Novel Treatments for Borderline Personality Disorder
Psychotherapy remains the first-line treatment for Borderline Personality Disorder (BPD), with no specific pharmacological treatments approved for its core symptoms. 1, 2
Evidence-Based Psychotherapeutic Approaches
First-Line Psychotherapies
Several specialized psychotherapeutic approaches have demonstrated efficacy for BPD:
Dialectical Behavior Therapy (DBT)
Mentalization-Based Treatment (MBT)
- Available in partial hospitalization (MBT-PH) and outpatient (MBT-out) formats
- Significant improvements in BPD core pathology 3
Transference-Focused Psychotherapy (TFP)
- Psychodynamic approach showing effectiveness for core BPD symptoms 3
Schema-Focused Therapy (SFT)
- Demonstrated superiority over TFP for BPD severity and treatment retention 3
Novel/Experimental Approaches
Brief Motivational Intervention (BMI)
- Three-session intervention targeting medication adherence
- Components include:
- Eliciting thoughts about medication
- Psychoeducation
- Assessing readiness for change
- Creating adherence plans
- Preliminary research shows increased medication adherence and reduced depressive symptoms 4
Interpersonal and Social Rhythm Therapy for Adolescents (IPSRT-A)

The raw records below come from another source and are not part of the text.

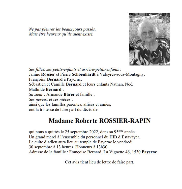 Madame Roberte ROSSIER-RAPIN 08 déc. 1927 - 25 sep. 2022 Avis mortuaire PFG Télecharger PDF Partager sur: Galerie PreviousNext PreviousNext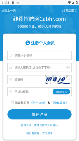 2、然后在该页面输入手机号、验证码,并设置好密码,点击下方的“快速注册”就可以注册个人会员。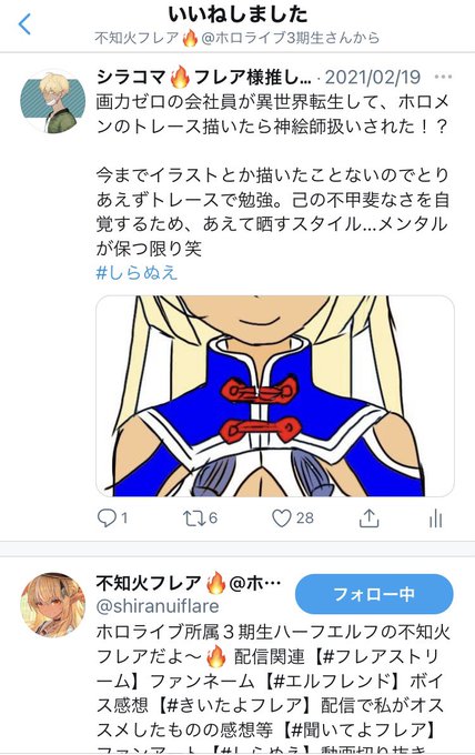 …初めて取り組んだへたっぴなイラストに、フレア様がイイネして下さってた。 嬉しすぎてマジで震えてる。憧れの方からのイイネほんま嬉しいし、やっぱフレア様めちゃくちゃ優しくて、そういうとこが本当に好き。 エルフレ最高。😭生きてて良かった。もっと頑張ろう! #しらぬえ #エルフレンド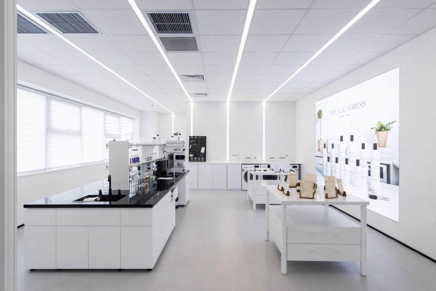 This photo taken on July 25, 2023 shows a lab of THE LAUNDRESS, a high-end fabric care laundry brand affiliated with the global consumer goods giant Unilever, in north China's Tianjin. (Xinhua)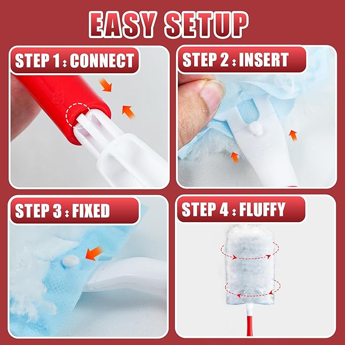 - Duster for Cleaning: Featuring 5X more coated microfibers and a 360° all-round design, the duster generates greater static to gather more dust in one sweep. It ensures thorough cleaning, covering every corner and minimizing the need for repeated efforts

- Targets psychoeducation, interpersonal problems, and social/sleep routines
- High feasibility and acceptability (97% session attendance)

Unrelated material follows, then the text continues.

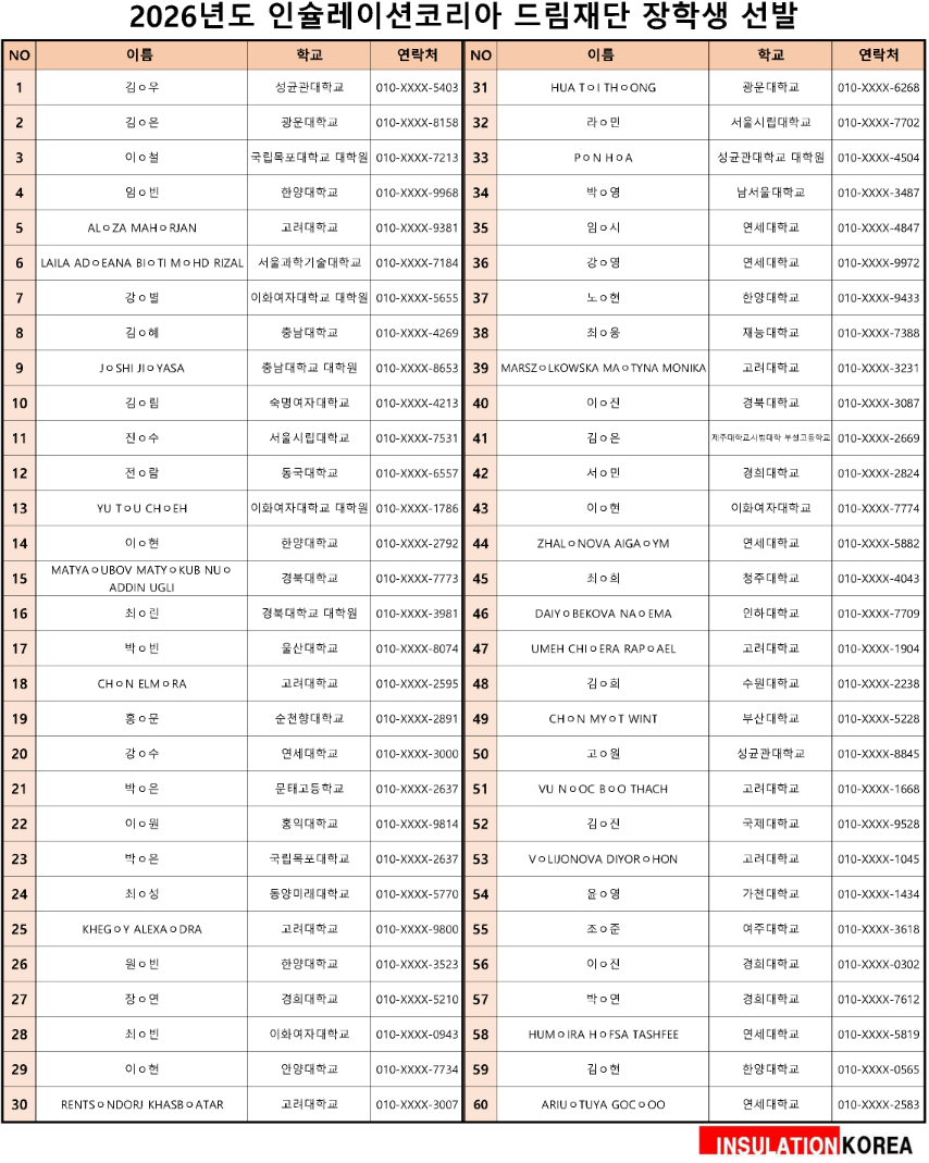 2026년도 인슐레이션코리아 드림재단 장학생 선발 결과 발표

- Improvements in psychiatric symptoms, depression, mania, and global functioning 4
Research into Cognitive and Behavioural Versatility (RECOVER)
- Developed for adolescents and young adults with BPD
- Preliminary evidence shows improvements in depression and symptom severity 4
Pharmacological Considerations
Despite common prescribing practices, no medications have consistently shown efficacy for core BPD symptoms:
- No FDA-approved medications specifically for BPD 5, 1, 2
- Medications commonly prescribed off-label include:
- Selective Serotonin Reuptake Inhibitors (SSRIs)
- Mood stabilizers
- Second-generation antipsychotics
- Benzodiazepines (though these should generally be avoided) 5
Appropriate Use of Medications
Pharmacotherapy should be considered only for:
- Discrete and severe comorbid conditions (depression, anxiety, psychotic-like features)
- Short-term management of acute crises 2
For crisis management:
- Low-potency antipsychotics (e.g., quetiapine) or sedative antihistamines are preferred over benzodiazepines 2
Clinical Decision-Making Algorithm
Begin with specialized psychotherapy
- DBT for patients with prominent self-harm, suicidality, or emotional dysregulation
- MBT for patients with significant interpersonal difficulties and identity disturbance
- SFT or TFP for patients with deeply ingrained maladaptive schemas or relationship patterns
Consider adjunctive pharmacotherapy only for:
- Severe comorbid conditions (e.g., major depression, anxiety disorders)
- Acute crisis management
For partial responders to initial psychotherapy:
- Consider alternative psychotherapy approach
- Add targeted skills training (e.g., DBT skills training groups)
- For adolescents with medication adherence issues, consider BMI
Important Caveats
- Avoid polypharmacy - Multiple medications increase risk without clear benefit 5
- Avoid medications with overdose potential when possible 5
- Psychotherapy should remain the foundation of treatment, with medications as adjuncts only 5
- Treatment response varies - Nearly half of patients may not respond sufficiently to psychotherapy 1
- Long-term commitment to treatment is essential for meaningful improvement
By prioritizing evidence-based psychotherapeutic approaches and using medications judiciously only for specific indications, clinicians can provide the most effective care for patients with BPD.